I was curious, so I ran Santa through each database, and, not surprising to a law librarian, the results weren’t exactly the same.  (Okay, the French results disparity was a bit surprising)  I was glad that the search “alias Santa Claus” didn’t bring up any bad rap sheets.  If I’d spent a bit more time, and investigated which cases were most heavily cited or preferred, I’m sure I would have seen the same top results in each database.  But this is just a look by-the-numbers.

“Santa Claus”166240239
“Father Christmas”242525
“Pere Noel”209169111
All 3 (connected by OR)396414347
         Δ between individual terms and all 3 together (should be zero?)
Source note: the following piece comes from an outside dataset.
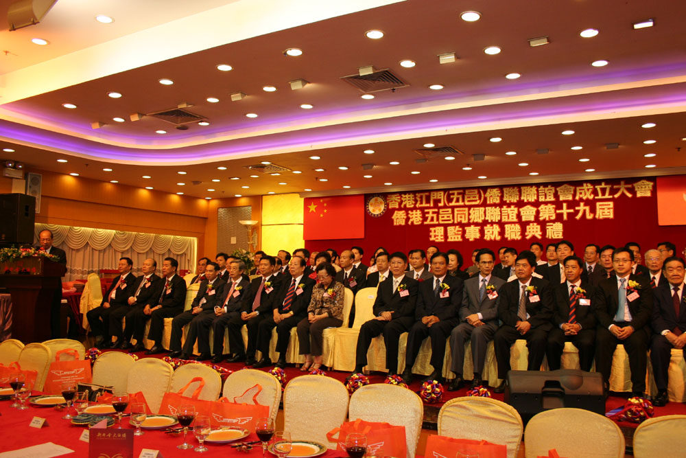 香港江門(五邑)僑聯聯誼會成立大會暨僑港五邑同鄉聯誼會第十九屆理監事就職禮,日前在北角新都會大酒樓舉行。應邀出席主禮的嘉賓包括中聯港島工作部部長吳仰偉、九龍工作部副部長容福華、新界工作部副部長李文,中國僑聯副主席廣東省僑聯主席王榮寶,全國政協常委余國春,廣東社團總會主席王國強,江門市政協主席趙基耀,江門市委副書記譚繼祖,江門市副市長謝日榮,立法會議員李慧琼、譚偉豪,香港潮州商會會長許學之等,各界賢達、友好逾七百人歡聚一堂,同申慶賀。

You may be wondering if Kris Kringle is worth a try as a search term.  No, unless you’re looking for office party secret santa-related cases.  I hadn’t heard of Kris Kringle gifts but that’s a thing.  Also, if you’re considering distributing stun guns as Kris Kringle, you may want to think again.

What I can’t figure out is why the sum search (all three connected by an OR connector) retrieves MORE or FEWER than adding each individual search results together.  At least it was inconsistent across platforms.  I even reran the searches (here’s a LexisNexis Advance example) to try to dedupe the results:

“”santa claus”” % “”father christmas””
“”santa claus”” % “”pere noel””
“”father christmas”” % “”pere noel””&c.

It was a bit more difficult on WestlawNext Canada because the search engine kept interrupting.  It was like an elf that wants to be a dentist; just give me results that respond to the search I gave you.  Finally, I had to explicitly tell it to leave out cases that had to do with parental visitation over the holidays:

advanced: (“pere noel” “father christmas” “santa claus”) % (“father’s Christmas”)

I feel like artificial intelligence should be able to know when terms mean the same thing.

Sometimes we look up the chimney to see if that elf really is listening to whether we’re good or bad, and we don’t find the magic.  For example, a search for “patriot act” across US materials doesn’t retrieve the USA Patriot Act.  (It was faster to find it using Google and Wikipedia) A new legal researcher would spend an hour looking at federal materials without realizing that it wasn’t in their results set.

A similar example of this intelligence appeared when I looked for cases involving miscreants entering homes and getting stuck in chimneys.  Someone entering that on LexisNexis Advance is going to end up with st!ck results.  It would have been nice to have been asked whether I meant stuck or stick.  The ubiquity of did you mean reflects the lack of hubris in machine learning.  The system might be mistaken, and the omission of a check (did you mean?) suggests it knows and doesn’t need to ask any more.

This algorithm is at risk of going on the naughty list.

The real intelligence in legal research is the person doing the work.  And while the technology powering the tools we use – whether paper or silicon – is amazing, the impact of artificial intelligence or machine learning for the researcher appears to be hype for the moment.  Perhaps we should just embrace that natural language is much better than it was, which is something tangible researchers can get behind.

I was comforted, realizing that, while we may not be driving our own cars in the near future, legal research faces many of the same challenges it always has.  Like just knowing where all the chimneys are, and realizing you need to ensure every child gets their gift.